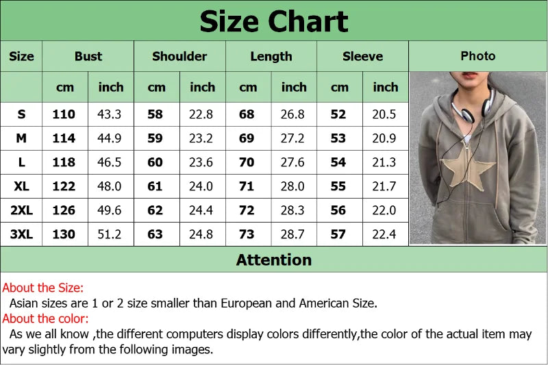 Vintage Star Patch Hoodies Women Harajuku Punk Gothic Loose Hooded Sweatshirt Male Hip Hop Long Sleeve Zipper Jacket Y2K Clothes
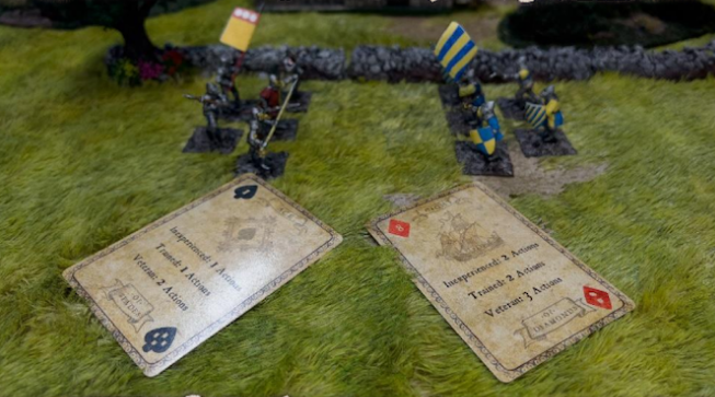 Blood & Crowns uses the same playing card-driven initiative system as Blood & Plunder. There is a minor change in that if you win the Initiative, you can actually pass and allow your opponent to go first. This is particularly useful at the start of the game when you need your opponent to close the distance and get in range.
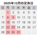 - 2025年12月のお休み
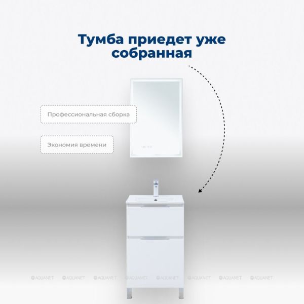 Тумба под раковину Aquanet Алвита New 50 напольная, белый матовый. Внутренние детали изготовлены... Подробнее
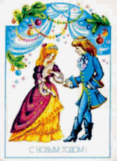 Ориентировочно так, схема вышивки «Unnamed-966550», созданная автором malkinaiv, будет выглядеть при отшиве на канве. Размер данной вышивки равен 138x190 крестов, при этом используется 79 цветов. Ключевые слова, по которым можно найти эту схему: новый год, принц, принцесса, сказки. Также, вы можете взглянуть на оригинальную картинку, соответствующую данной схеме вышивки.
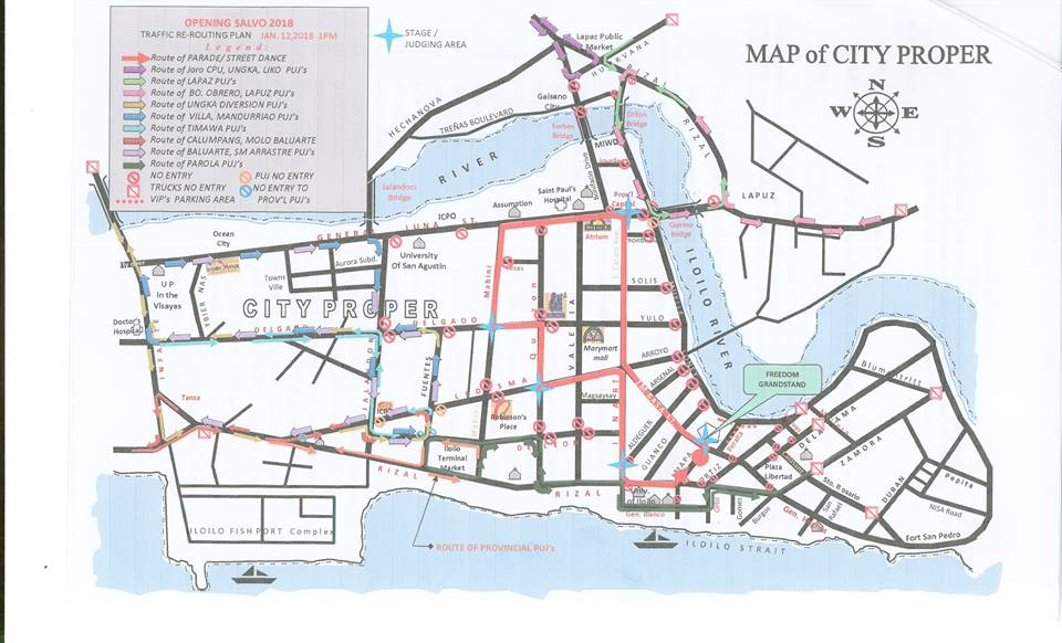 Public Utility Jeepneys (PUJs) are not allowed to enter at Ledesma Street from corner Jalandoni St. to corner Mabini St.; Luna Street from corner Huervana to Forbes Bridge; and Muelle Loney St. from corner Quirino Brdige towards Peralta St.

------------------------------------------------

- [WHAT YOU SHOULD DO] Retype every entry exactly as written. Leave the pictures out.

- [THE COMPLETED TASK]
 Vintage Star Patch Hoodies Women Harajuku Punk Gothic Loose Hooded Sweatshirt Male Hip Hop Long Sleeve Zipper Jacket Y2K Clothes
 Blood & Crowns uses the same playing card-driven initiative system as Blood & Plunder. There is a minor change in that if you win the Initiative, you can actually pass and allow your opponent to go first. This is particularly useful at the start of the game when you need your opponent to close the distance and get in range.
 - 2025年12月のお休み
 Тумба под раковину Aquanet Алвита New 50 напольная, белый матовый. Внутренние детали изготовлены... Подробнее
 Ориентировочно так, схема вышивки «Unnamed-966550», созданная автором malkinaiv, будет выглядеть при отшиве на канве. Размер данной вышивки равен 138x190 крестов, при этом используется 79 цветов. Ключевые слова, по которым можно найти эту схему: новый год, принц, принцесса, сказки. Также, вы можете взглянуть на оригинальную картинку, соответствующую данной схеме вышивки.
 Public Utility Jeepneys (PUJs) are not allowed to enter at Ledesma Street from corner Jalandoni St. to corner Mabini St.; Luna Street from corner Huervana to Forbes Bridge; and Muelle Loney St. from corner Quirino Brdige towards Peralta St.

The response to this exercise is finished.